Beginning with the line that includes "A calça possui", return every remaining line of the material exactly as it reads, but not the pictures.
##### Provided records #####
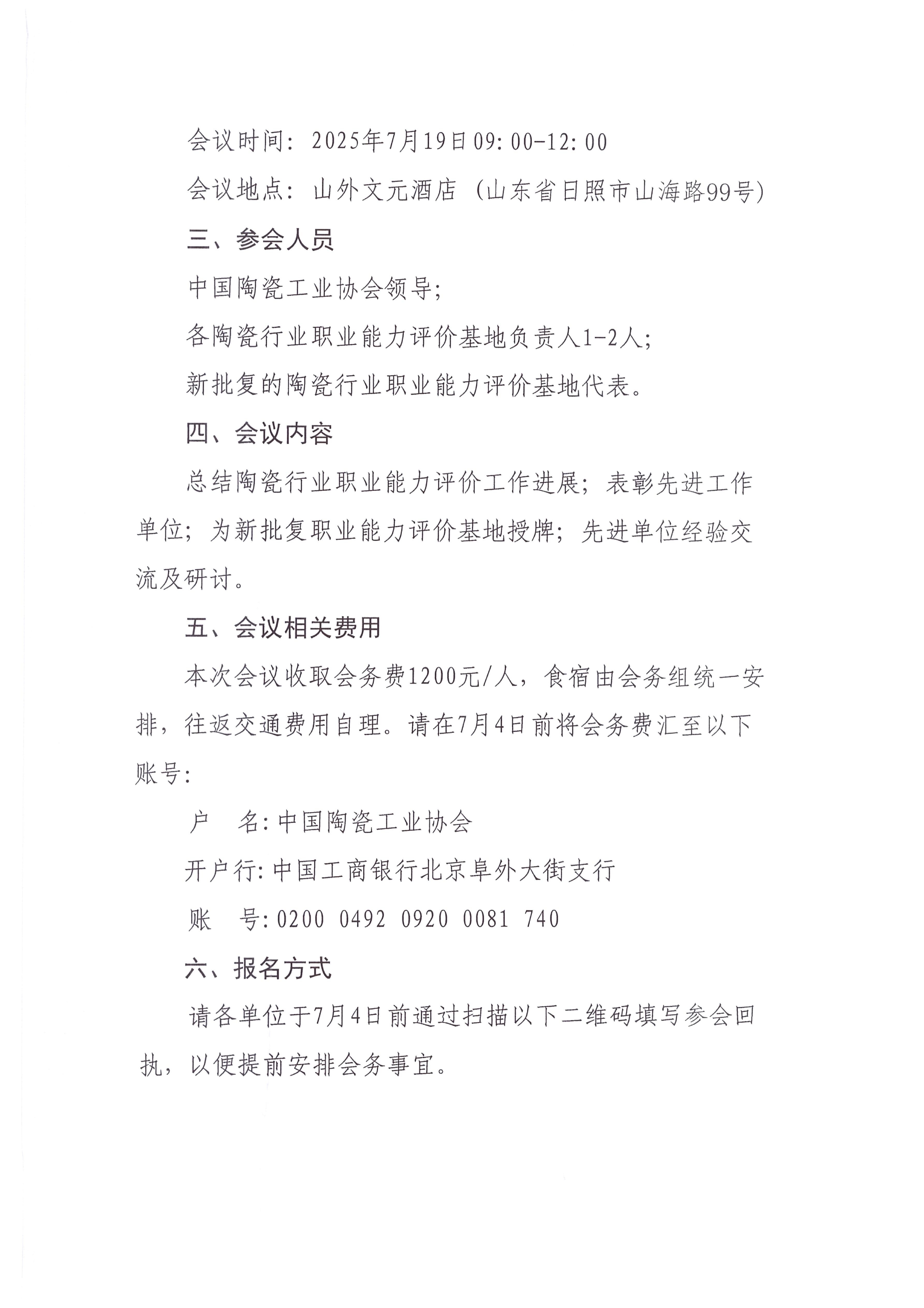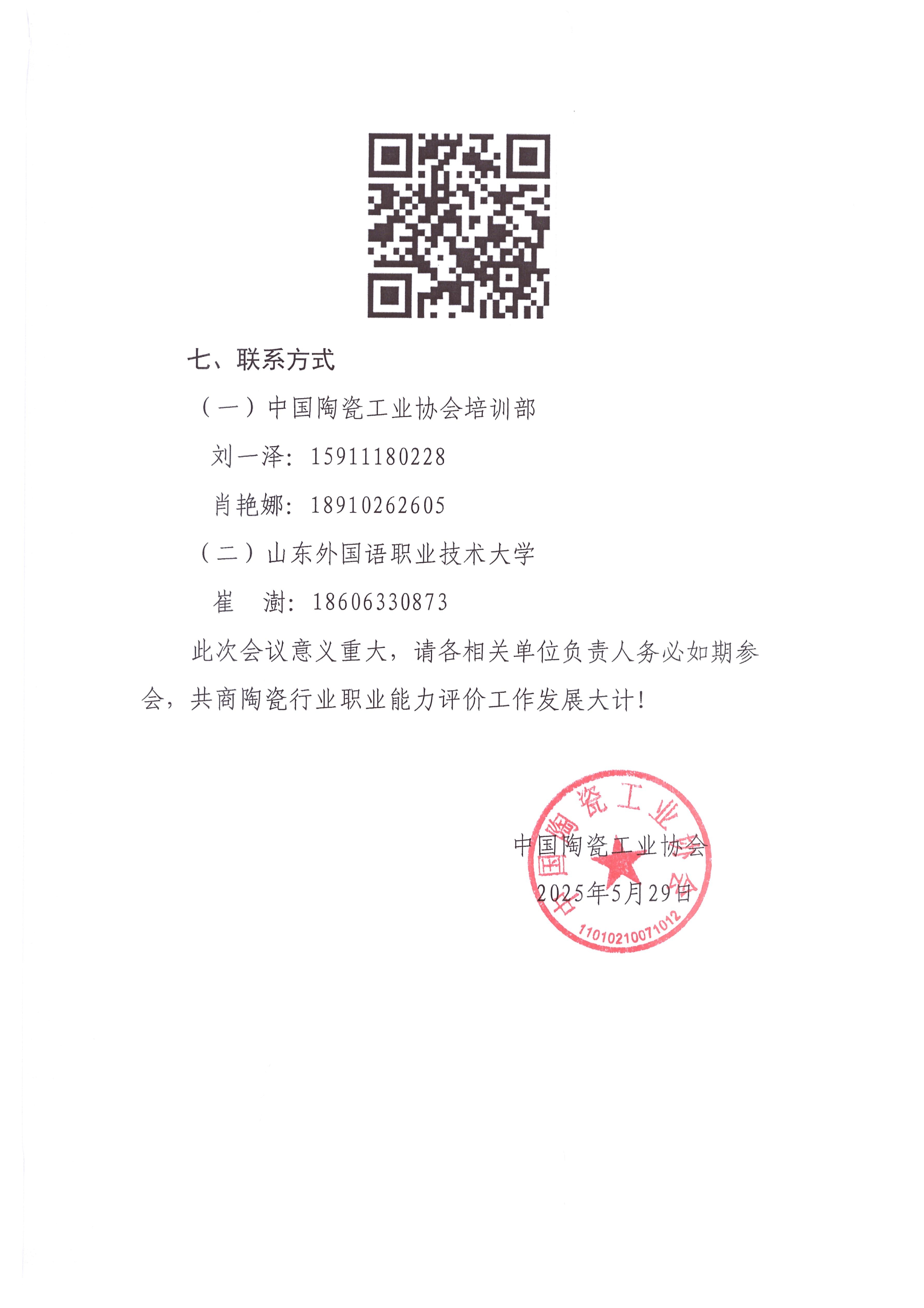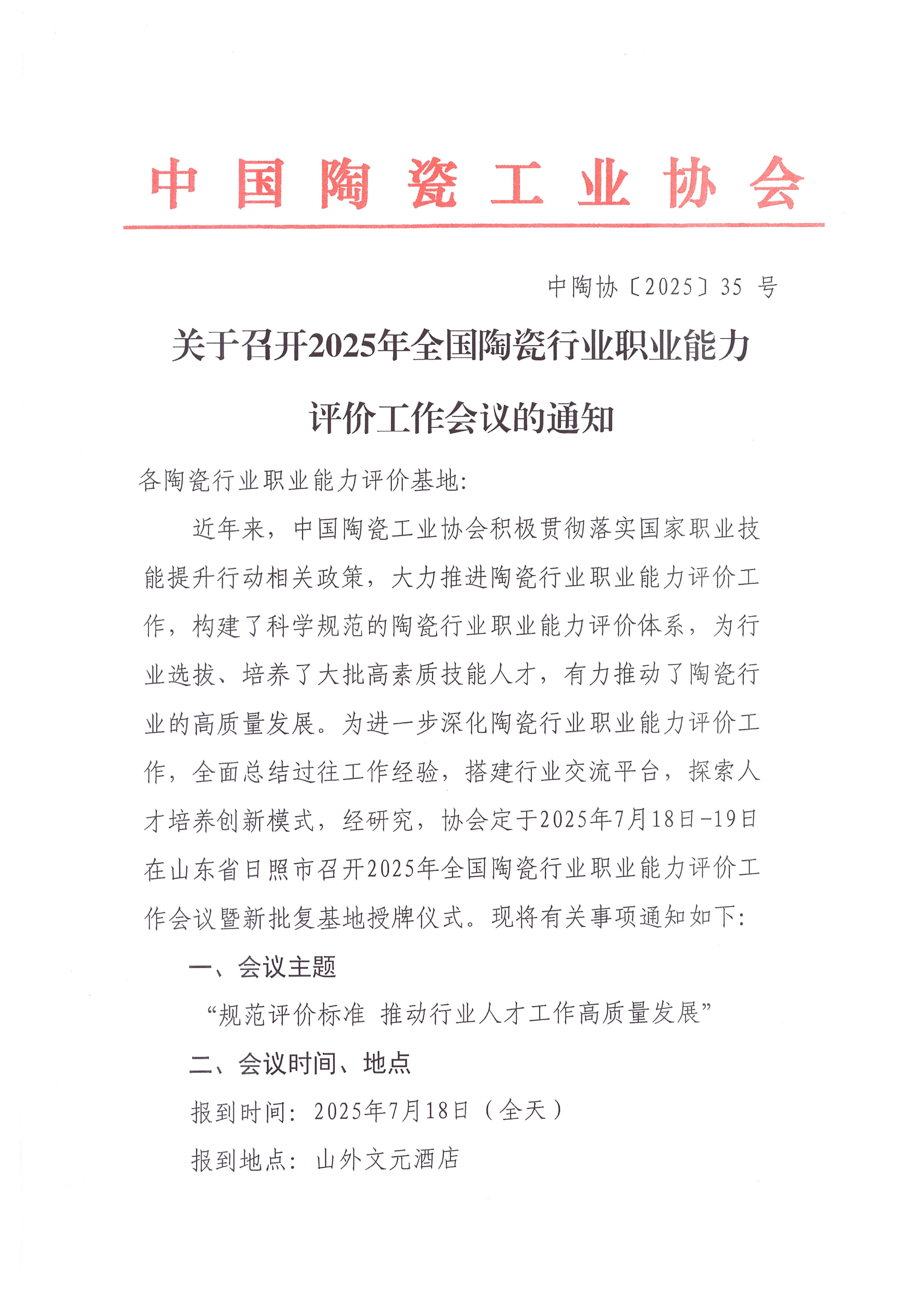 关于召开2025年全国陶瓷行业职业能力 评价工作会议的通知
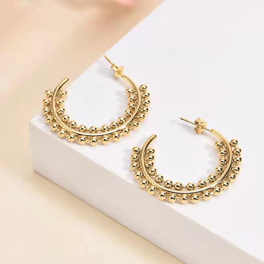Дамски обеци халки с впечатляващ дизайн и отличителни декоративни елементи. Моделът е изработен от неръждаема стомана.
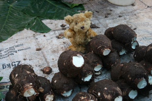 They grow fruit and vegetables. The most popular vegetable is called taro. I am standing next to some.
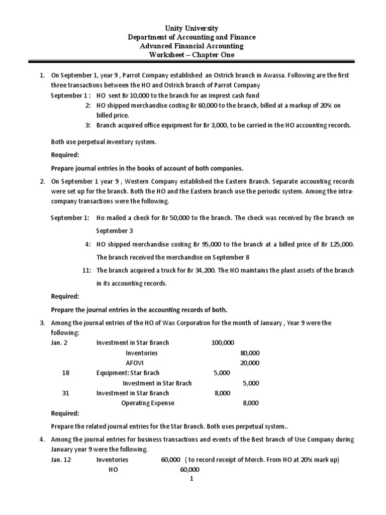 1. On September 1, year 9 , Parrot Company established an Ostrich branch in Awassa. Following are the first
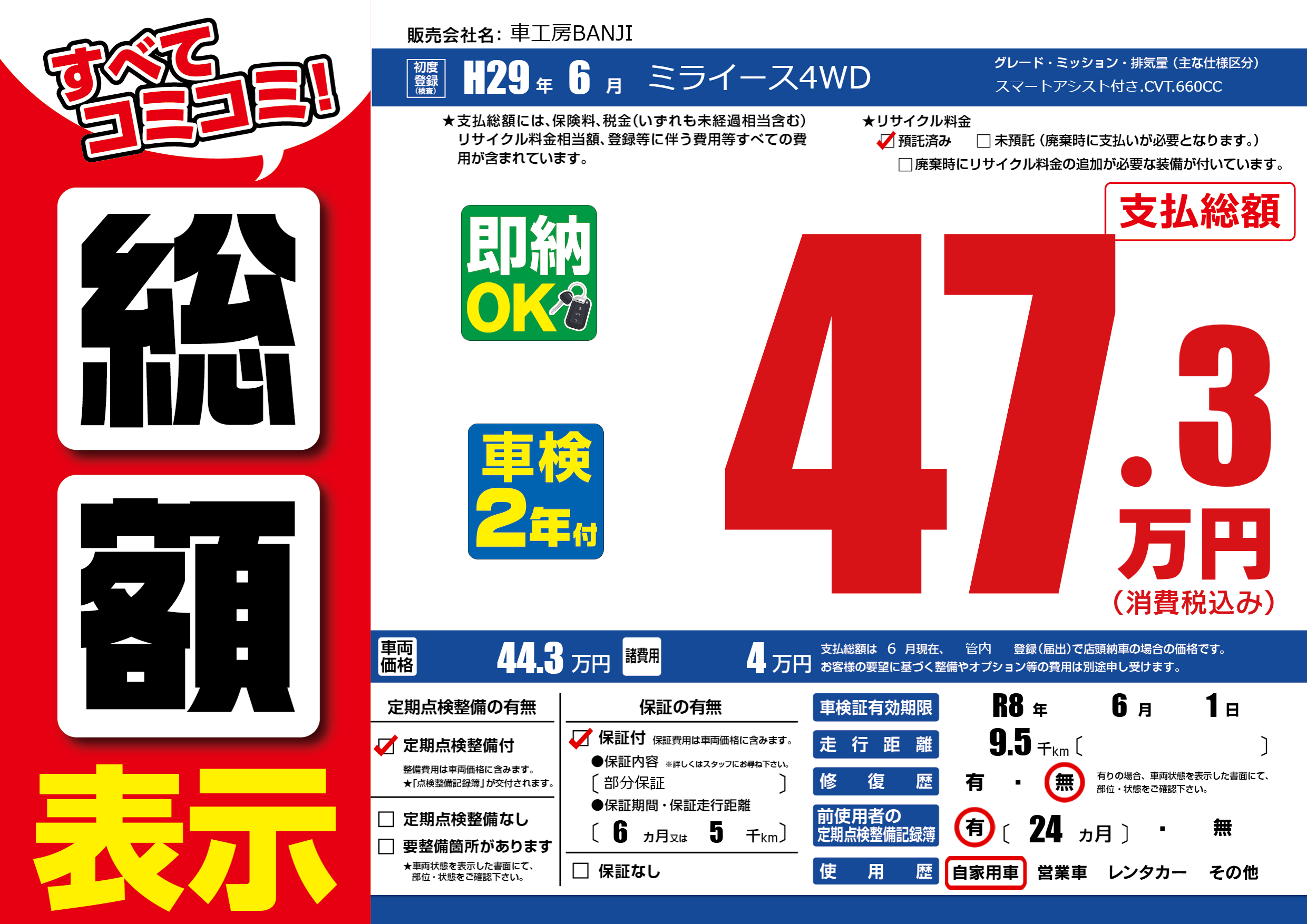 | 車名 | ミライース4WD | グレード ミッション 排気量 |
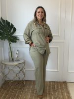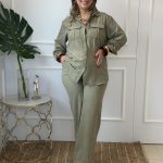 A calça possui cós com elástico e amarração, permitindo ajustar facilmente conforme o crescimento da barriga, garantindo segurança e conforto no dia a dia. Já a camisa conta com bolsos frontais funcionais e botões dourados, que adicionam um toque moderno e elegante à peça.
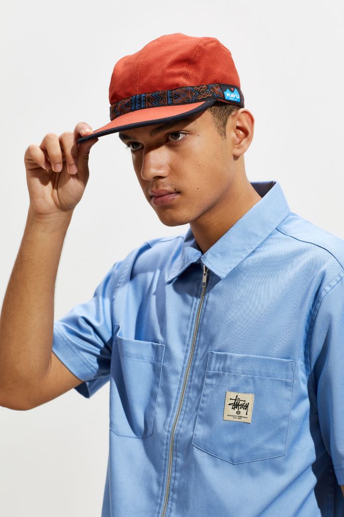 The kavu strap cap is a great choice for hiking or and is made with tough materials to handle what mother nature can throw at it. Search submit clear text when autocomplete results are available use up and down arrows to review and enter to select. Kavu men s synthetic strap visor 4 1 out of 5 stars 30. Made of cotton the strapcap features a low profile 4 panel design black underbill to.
#####
*Result for this exercise:*
 A calça possui cós com elástico e amarração, permitindo ajustar facilmente conforme o crescimento da barriga, garantindo segurança e conforto no dia a dia. Já a camisa conta com bolsos frontais funcionais e botões dourados, que adicionam um toque moderno e elegante à peça.
 The kavu strap cap is a great choice for hiking or and is made with tough materials to handle what mother nature can throw at it. Search submit clear text when autocomplete results are available use up and down arrows to review and enter to select. Kavu men s synthetic strap visor 4 1 out of 5 stars 30. Made of cotton the strapcap features a low profile 4 panel design black underbill to.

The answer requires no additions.